Nach so viel Stadtsicht, Diskussion und Umherlaufen war ein ereignisloser Abend in Lukes Studentenbude sowohl angenehm als auch angebracht. 
Am Samstag hatten wir uns dann eigentlich vorgenommen, in das im Schwarzwald gelegene Wildberg zu fahren, um ein wenig Natur mitzukriegen. Nach einem zwischenzeitlichen Abstecher nach Metzingen, wo Torben in zwei der endlos vielen Outlet-Stores dem Shoppingwahn fröhnte, erreichten wir auch tatsächlich das durchaus beschauliche Wildberg – mussten jedoch nach einer Stunde feststellen, dass wir auf dem “Panoramaweg” außerhalb des Ortes nicht allzu viel der gewünschten Natur vorfanden, sondern stattdessen den Geräuschen von Autos und Hausbau aus dem im Tal gelegenen Ort nicht entkommen konnten. Ich will Wildberg gar nicht mal schlecht reden, aber wir hatten uns schon was anderes vom Schwarzwald vorgestellt. Wir zogen also unsere Deutschlandkarte zu Rate und entschieden uns kurzfristig, nach Tübingen zu fahren. Das vom Bordstein an instandgehaltene Universitätsstädtchen liegt ganz nah an der Grenze zu “zu geleckt”, herausgeputzt und aufgehübscht – und doch, was für ein herrlicher Ort, ein ruhig gelegenes Schloss, Kleinstadtatmosphäre-Fußgängerzone und gerade genug Studentenflair, um es nicht zu bieder werden zu lassen. Beschweren konnten wir uns jedenfalls nicht über unseren Tagesausflug, von dem wir erneut nach Stuttgart zurückkehrten. Hier trafen wir uns abends mit Luke und zwei Freunden Torbens, Baha und Michael. Auch wenn wir bei einem Frauenanteil von 1/5 es nicht allzu leicht hatten, in die verschiedenen Clubs reinzukommen, verhalf die geballte Ortskenntnis uns doch zu einer fantastisch Nacht, in den aufgrund des Christopher Street Days wahrscheinlich dreimal so vollen Bars und Clubs der Stadt.

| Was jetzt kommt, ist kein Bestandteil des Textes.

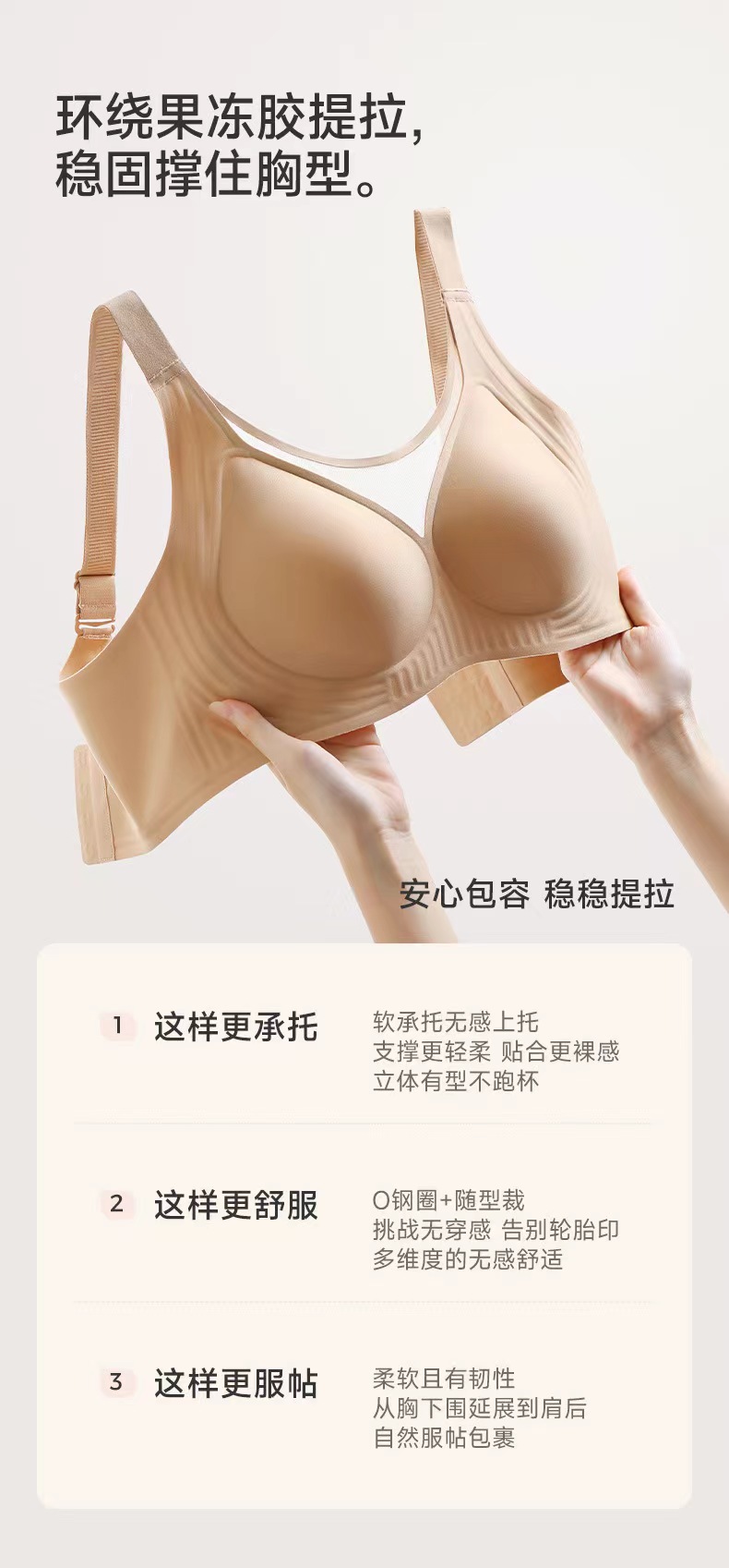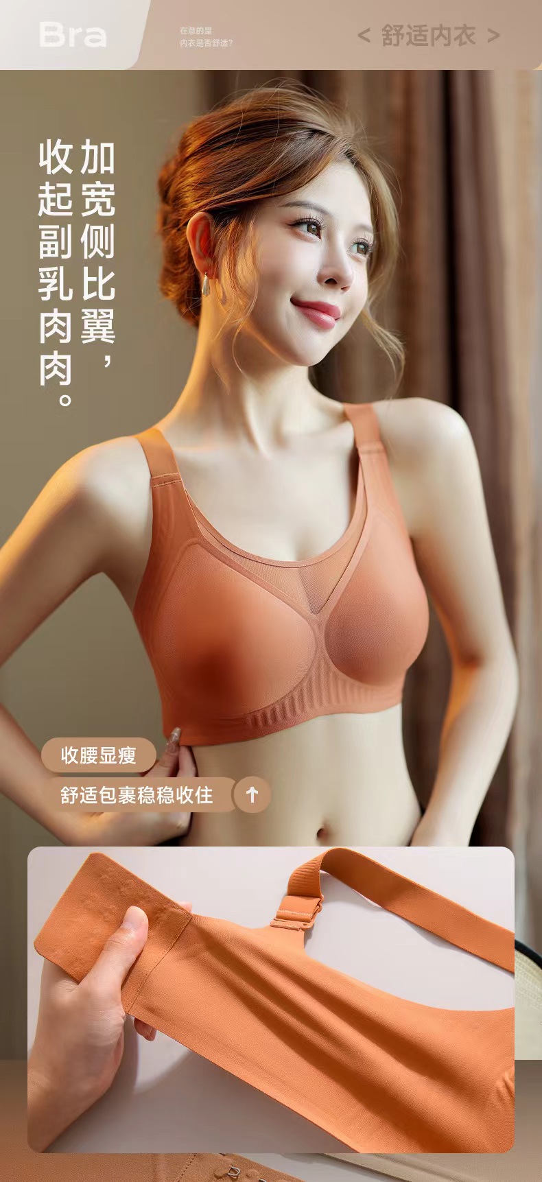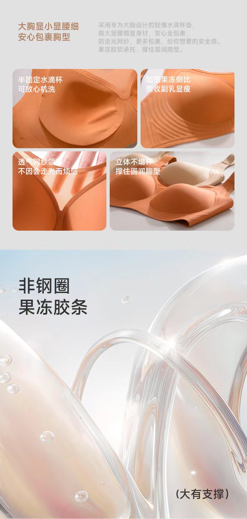 【秋鹭】款号2466果冻胶无钢圈大胸 显小大码文胸盒装

Heute früh besuchten wir dann noch mit Luke zusammen das Mercedes-Museum, welches wirklich bemerkenswert gut gestaltet und organisiert ist, so dass selbst Nicht-Auto-Freaks wie ich begeistert werden konnten. Also zusammengefasst: Demonstrationen, Partys, Unistädte, nette Leute, schwäbisches Essen und schwäbische Mundart, Kultur, Natur, Hippies, Naturwissenschaftler, ein Poetry Slam und Konzerte… alles in einem Bundesland. Wer sagt, Deutschland sei langweilig?